The base class implementation:

class WorkflowStage(ABC):
    """Abstract base class for workflow stages."""

    name: str = "base"
    description: str = "Base workflow stage"

    def __init__(self, config: CoastalCalibConfig, monitor: WorkflowMonitor | None):
        self.config = config
        self.monitor = monitor

    def build_environment(self) -> dict[str, str]:
        """Build environment variables for the stage."""
        # Converts config to env vars for bash scripts
        env = os.environ.copy()
        env["STARTPDY"] = self.config.simulation.start_pdy
        env["STARTCYC"] = self.config.simulation.start_cyc
        # ... all precomputed, no shell date arithmetic needed
        return env

    def run_singularity_command(
        self,
        command: list[str],
        use_mpi: bool = False,
        mpi_tasks: int | None = None,
    ) -> subprocess.CompletedProcess[str]:
        """Run a command inside the Singularity container."""
        # Handles all Singularity setup, bindings, error checking
        pass

    @abstractmethod
    def run(self) -> dict[str, Any]:
        """Execute the stage and return results."""
        pass

    def validate(self) -> list[str]:
        """Validate stage prerequisites. Return list of errors."""
        return []

4. Workflow Runner Orchestration#

class CoastalCalibRunner:
    """Main workflow runner for coastal model calibration."""

    @property
    def STAGE_ORDER(self) -> list[str]:
        """Stage order is delegated to the model config."""
        return self.config.model_config.stage_order

    def run(
        self,
        start_from: str | None = None,
        stop_after: str | None = None,
        dry_run: bool = False,
    ) -> WorkflowResult:
        """Execute the calibration workflow."""
        # Validation, stage sequencing, error handling, result collection
        pass

    def submit(self, wait: bool = False) -> WorkflowResult:
        """Submit workflow as a SLURM job.

        Parameters
        ----------
        wait : bool
            If True, wait for job completion with status updates.
            If False (default), return immediately after submission.
        """
        pass

The submit() method execution flow is shown in the sequence diagram below:

sequenceDiagram
    participant User
    participant Runner
    participant Slurm

    User->>Runner: submit(config)
    Runner->>Runner: validate()
    Runner->>Slurm: submit_job()
    Slurm-->>Runner: job_id
    Runner-->>User: WorkflowResult

Key Design Decisions#

1. Python-Native Date Arithmetic#

Decision: Replace all bash/Perl date scripts with Python datetime.

Rationale:

Python's datetime and timedelta handle all edge cases correctly
No external dependencies or shell spawning
Type-safe with IDE support

Implementation (utils/time.py):

_DATE_RE = re.compile(r"^\d{10}$")


def _parse_date(date_string: str) -> datetime:
    """Parse a YYYYMMDDHH string into a datetime, with strict validation."""
    if not isinstance(date_string, str) or not _DATE_RE.match(date_string):
        raise ValueError(
            f"date_string must be exactly 10 digits in YYYYMMDDHH format, got {date_string!r}"
        )
    return datetime.strptime(date_string, "%Y%m%d%H")

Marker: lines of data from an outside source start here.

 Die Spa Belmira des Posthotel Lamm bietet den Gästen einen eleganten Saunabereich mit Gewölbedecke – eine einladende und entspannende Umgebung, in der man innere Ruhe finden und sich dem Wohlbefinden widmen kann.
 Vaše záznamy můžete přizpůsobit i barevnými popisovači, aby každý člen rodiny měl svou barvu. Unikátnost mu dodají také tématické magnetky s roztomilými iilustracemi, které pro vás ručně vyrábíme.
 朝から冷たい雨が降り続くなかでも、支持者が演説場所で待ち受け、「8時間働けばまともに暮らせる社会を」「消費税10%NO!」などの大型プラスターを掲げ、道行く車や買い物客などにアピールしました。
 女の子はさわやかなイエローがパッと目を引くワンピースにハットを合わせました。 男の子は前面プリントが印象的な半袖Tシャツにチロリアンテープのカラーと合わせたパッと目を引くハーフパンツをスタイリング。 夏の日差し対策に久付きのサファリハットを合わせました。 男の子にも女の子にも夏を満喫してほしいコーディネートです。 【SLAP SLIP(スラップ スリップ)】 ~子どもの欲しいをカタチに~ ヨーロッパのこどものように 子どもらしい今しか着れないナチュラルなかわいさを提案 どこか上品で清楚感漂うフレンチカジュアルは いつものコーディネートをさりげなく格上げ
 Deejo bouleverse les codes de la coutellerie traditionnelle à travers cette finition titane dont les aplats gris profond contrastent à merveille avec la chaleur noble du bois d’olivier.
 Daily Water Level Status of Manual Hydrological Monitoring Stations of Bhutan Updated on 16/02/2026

def advance_time(date_string: str, hours: int) -> str:
    """Advance a date string by a specified number of hours.

    Replaces advance_time.sh and advance_cymdh.pl with native Python.
    Handles leap years, month boundaries, DST, etc.
    """
    dt = _parse_date(date_string) + timedelta(hours=hours)
    return dt.strftime("%Y%m%d%H")

The module also consolidates parse_datetime() (flexible datetime parsing, previously duplicated in config.schema and downloader) and iter_hours() (hour-range iteration, previously in downloader).

Impact: The build_environment() method precomputes shared date-derived values, then delegates model-specific env vars to model_config.build_environment():

# Shared dates computed once in Python, passed to bash scripts
env["FORCING_BEGIN_DATE"] = f"{pdycyc}00"
env["FORCING_END_DATE"] = forcing_end_dt.strftime("%Y%m%d%H00")
env["END_DATETIME"] = forcing_end_dt.strftime("%Y%m%d%H")

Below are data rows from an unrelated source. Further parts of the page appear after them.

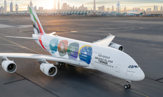 The livery will remain in Emirates’ fleet for the coming years, with the first flight sporting this unique design having landed in Melbourne, Australia, to mark the start of this year’s first Grand Slam tournament.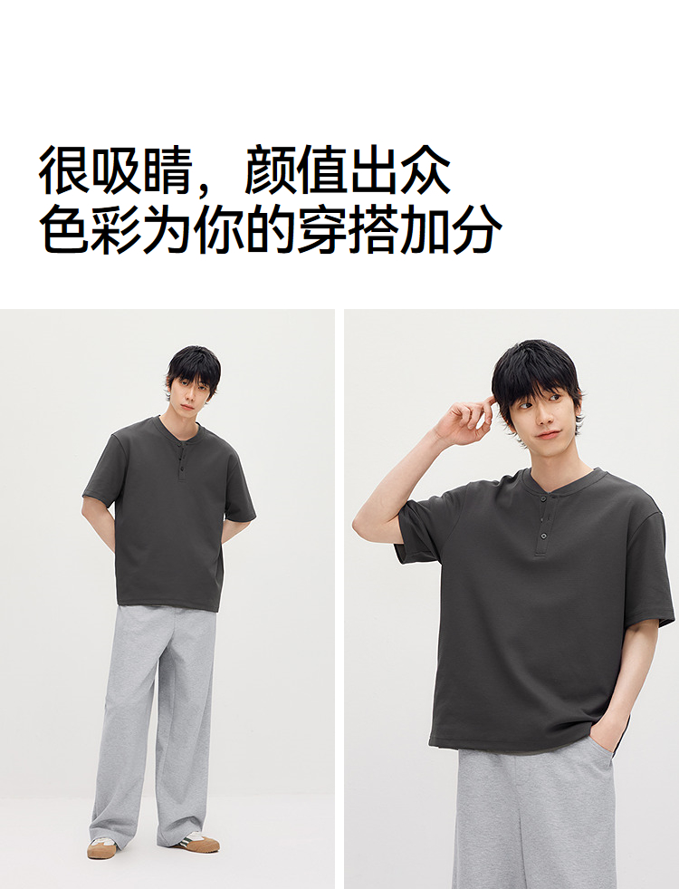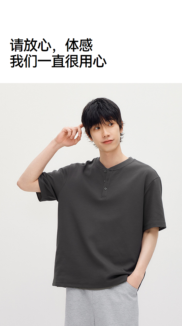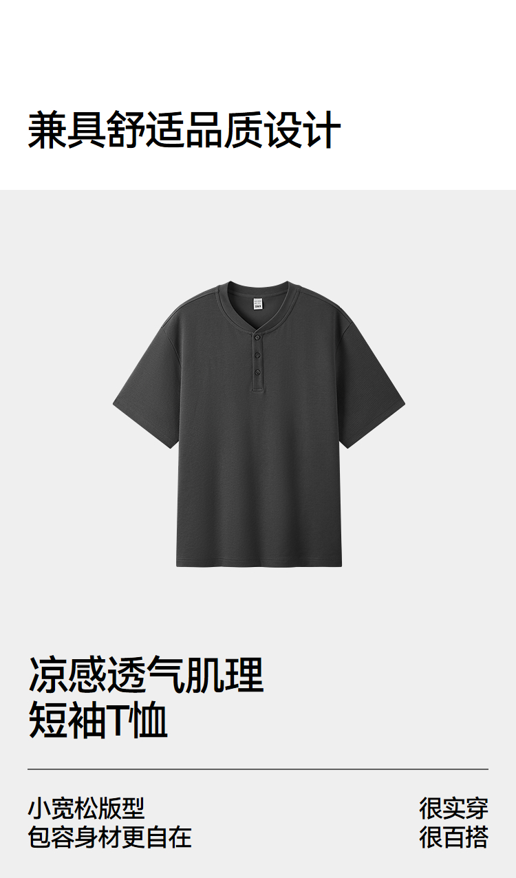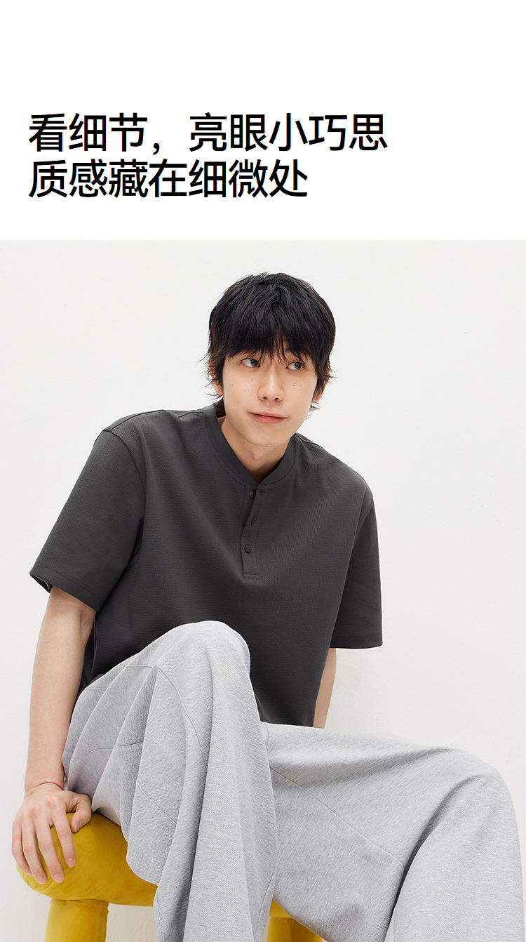 森马短袖T恤男夏季亨利领半开襟上衣2026新款凉感透气纯色针织衫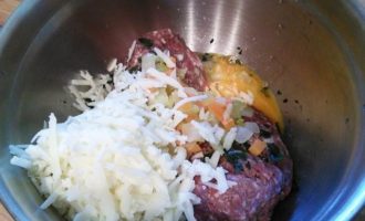 • Готовим фарш: в миске смешать ингредиенты для фарша. Вместо сухарной крошки я добавляю соду, на это количество фарша достаточно 1/4 ч ложки. Если вы не используете соду, то замочите 3 ст. л. сухарей или кусочек старой булочки в 3 ст. л. молока и добавьте в фарш.

# Model-specific env vars (e.g., SCHISM_BEGIN_DATE, OMP_NUM_THREADS)
env = self.config.model_config.build_environment(env, self.config)

2. Integrated Data Downloading with Validation#

Decision: Build a comprehensive downloader with source awareness and date range validation.

Rationale:

Different data sources have different availability windows
Users shouldn't waste time on downloads that will fail
Async downloading is faster than sequential

Implementation (downloader.py):

DATA_SOURCE_DATE_RANGES: dict[str, dict[str, DateRange]] = {
    "nwm_retro": {
        "conus": DateRange(
            start=datetime(1979, 2, 1),
            end=datetime(2023, 1, 31),
            description="NWM Retrospective 3.0 (CONUS)",
        ),
        "hawaii": DateRange(
            start=datetime(1994, 1, 1),
            end=datetime(2013, 12, 31),
            description="NWM Retrospective 3.0 (Hawaii)",
        ),
        # ...
    },
    "stofs": {
        "_default": DateRange(
            start=datetime(2020, 12, 30),
            end=None,  # operational, no end date
            description="STOFS (operational)",
        ),
    },
}


def download_data(
    start_time: datetime,
    end_time: datetime,
    output_dir: Path,
    domain: Domain,
    meteo_source: MeteoSource = "nwm_retro",
    coastal_source: CoastalSource = "stofs",
) -> DownloadResults:
    """Download with validation and progress tracking."""
    # Validates dates before downloading
    errors = _validate_date_ranges(start, end, meteo_source, coastal_source, domain)
    if errors:
        raise ValueError("Date range validation failed:\n" + "\n".join(errors))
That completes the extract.